For Matteis, the data set is harder to challenge than UniQure’s, and the technology used doesn’t pose much risk.
“So if they don’t approve of that, I don’t know,” Matteis said. “I mean, I already think there’s been a pretty significant change in the regulatory standard for rare diseases, but if they don’t approve Denali, if I was at a company, I would almost be like, ‘Can we really be sure that we’re doing an open-label study?'”
In a statement to CNBC, Ryan Watts, CEO of Denali Therapeutics, said the company was continuing its constructive discussions with the FDA and was confident in the strength of the data set it had submitted. The FDA delayed review of the application for three months and is now expected to make its decision by April 5.
Some investors feel a conflict between the flexibility that FDA leaders, like Commissioner Marty Makary, publicly promise and recent decisions made by the agency, said Issi of RBC Capital Markets.
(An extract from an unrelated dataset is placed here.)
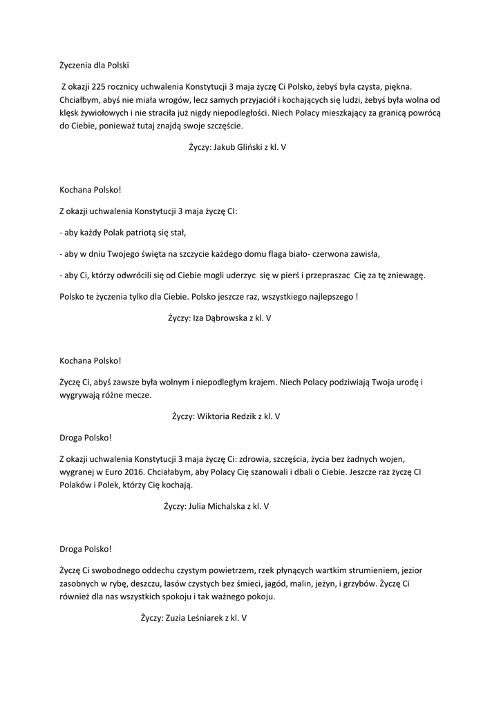 Życzenia dla Polski Z okazji 225 rocznicy uchwalenia Konstytucji 3 maja życzę Ci Polsko, żebyś była czysta, piękna. Chciałbym, abyś nie miała wrogów, lecz samych przyjaciół i kochających się ludzi, żebyś była wolna od klęsk żywiołowych i nie straciła już nigdy niepodległości. Niech Polacy mieszkający za granicą powrócą do Ciebie, ponieważ tutaj znajdą swoje szczęście. Życzy: Jakub Gliński z kl. V Kochana Polsko! Z okazji uchwalenia Konstytucji 3 maja życzę CI: - aby każdy Polak patriotą się stał, - aby w dniu Twojego święta na szczycie każdego domu flaga biało- czerwona zawisła, - aby Ci, którzy odwrócili się od Ciebie mogli uderzyc się w pierś i przepraszac Cię za tę zniewagę. Polsko te życzenia tylko dla Ciebie. Polsko jeszcze raz, wszystkiego najlepszego ! Życzy: Iza Dąbrowska z kl. V Kochana Polsko! Życzę Ci, abyś zawsze była wolnym i niepodległym krajem. Niech Polacy podziwiają Twoja urodę i wygrywają różne mecze. Życzy: Wiktoria Redzik z kl. V Droga Polsko! Z okazji uchwalenia Konstytucji 3 maja życzę Ci: zdrowia, szczęścia, życia bez żadnych wojen, wygranej w Euro 2016. Chciałabym, aby Polacy Cię szanowali i dbali o Ciebie. Jeszcze raz życzę CI Polaków i Polek, którzy Cię kochają. Życzy: Julia Michalska z kl. V Droga Polsko! Życzę Ci swobodnego oddechu czystym powietrzem, rzek płynących wartkim strumieniem, jezior zasobnych w rybę, deszczu, lasów czystych bez śmieci, jagód, malin, jeżyn, i grzybów. Życzę Ci również dla nas wszystkich spokoju i tak ważnego pokoju. Życzy: Zuzia Leśniarek z kl. V Kochana Polsko! Z okazji 225. rocznicy uchwalenia Konstytucji 3 maja życzę Tobie: - żeby wszyscy Polacy Cię szanowali i znali Twoją historię, - żeby wszyscy Polacy przestrzegali ustaw zawartych w konstytucji, - żebyś na zawsze pozostała niepodległym państwem. Życzy Maciek Ciężki z kl. V Kochana Polsko! Z okazji tak ważnego Święta chciałabym życzyć Ci wszystkiego co najlepsze dla Ciebie. Zachwycaj wszystkich Polaków swą niezwykłą urodą i cudnymi zabytkami. Niech Polacy Cię kochają ! Życzy: Anita Świtoń z kl. V Kochana Polsko! Życzę Tobie byś była taka jaką Cię kocham darzona szacunkiem, niosąca spokój, bądź nam domem, w którym będziemy się czuli dobrze i bezpiecznie. Życzy: Martyna Czaja z kl. IV Kochana Polsko! Z okazji Święta 3 maja życzę Ci, abyś zawsze była piękna i wspaniała i żeby Ci, którzy nie dbają i niszczą Twoje tereny zmienili swoje postępowanie. Życzę Ci, abyś zachwycała nas swoją pięknością. Życzy: Filip Gąszczak z kl. IV Droga Polsko! Chcę Ci podziękować Polsko, za to że jesteś moim krajem, że się tu urodziłam, mieszkam, mam swoją rodzinę. Każdego dnia budzę się i cieszę, że to właśnie w Baranowie chodzę do szkoły, mam przyjaciół. Wiem, że nacierpiałaś się, gdy nasz kraj był wiele razy atakowany, ludzie trafiali do niewoli, były nawet momenty, gdy na mapie nie było Polski. Teraz od wielu lat cieszysz się wolnością, dlatego przede wszystkim wolności Ci życzę z okazji 225. rocznicy uchwalenia Konstytucji 3 maja. Niech polski naród cieszy się nią nieustannie, niech dzieci i młodzież pamiętają o ludziach, dzięki którym możemy spokojnie spać. Niech polska tradycja i zwyczaje będą zawsze gościły w naszych domach, bo przecież są częścią Polski. Niech każdego roku dzień rocznicy uchwalenia Konstytucji 3 maja będzie uroczyście świętowany, poczynając już od najmłodszych pokoleń. Polska to siła, którą tworzymy wszyscy razem, a dzięki sile zawsze przetrwamy. Wszystkiego dobrego Polsko! Życzy: Aleksandra Parzybót z kl. IV Kochana Polsko! Z okazji 225. rocznicy uchwalenia Konstytucji 3 maja, życzę Ci, abyś zawsze była niepodległa i coraz piękniejsza. Niech Twoja ziemia rodzi obfite plony, powietrze niech będzie czyste, ludzie szczęśliwi, dobrzy i sprawiedliwi. Życzy: Mateusz Korczak z kl. V

That leads some to downplay the likelihood of success for companies whose path to market relies on a certain level of flexibility in what data the agency will accept, Stifel’s Matteis said.
For companies with simple data, the path seems clear, said Christiana Bardon, managing partner of MPM BioImpact. The question for her is how much the FDA should speed up the process of getting drugs to patients for diseases with enormous, unmet need as quickly as possible.
A senior FDA official, speaking to reporters Thursday on condition of anonymity to speak freely, said the FDA has not changed its position that biomarkers reasonably likely to predict effectiveness can and will get accelerated approval, and that nonrandomized data can get full approval. For this manager, the bar is clear.
“If you develop a treatment for Alzheimer’s disease or Huntington’s disease, and you take someone who is seriously ill and you give them that therapy, and their health starts to improve immediately and dramatically,” the official said. “You take someone in a nursing home with Alzheimer’s, and then they’re discharged, or someone with terminal Huntington’s disease, and they suddenly have no symptoms of Huntington’s disease, you’ll get full regulatory approval with two or three patients.
“We only ask for randomized data when a condition is heterogeneous, when the will to believe is strong, when the therapy is invasive or potentially dangerous, when the size of the effect is difficult to detect, and when the possibility that you are wrong is high,” the official added.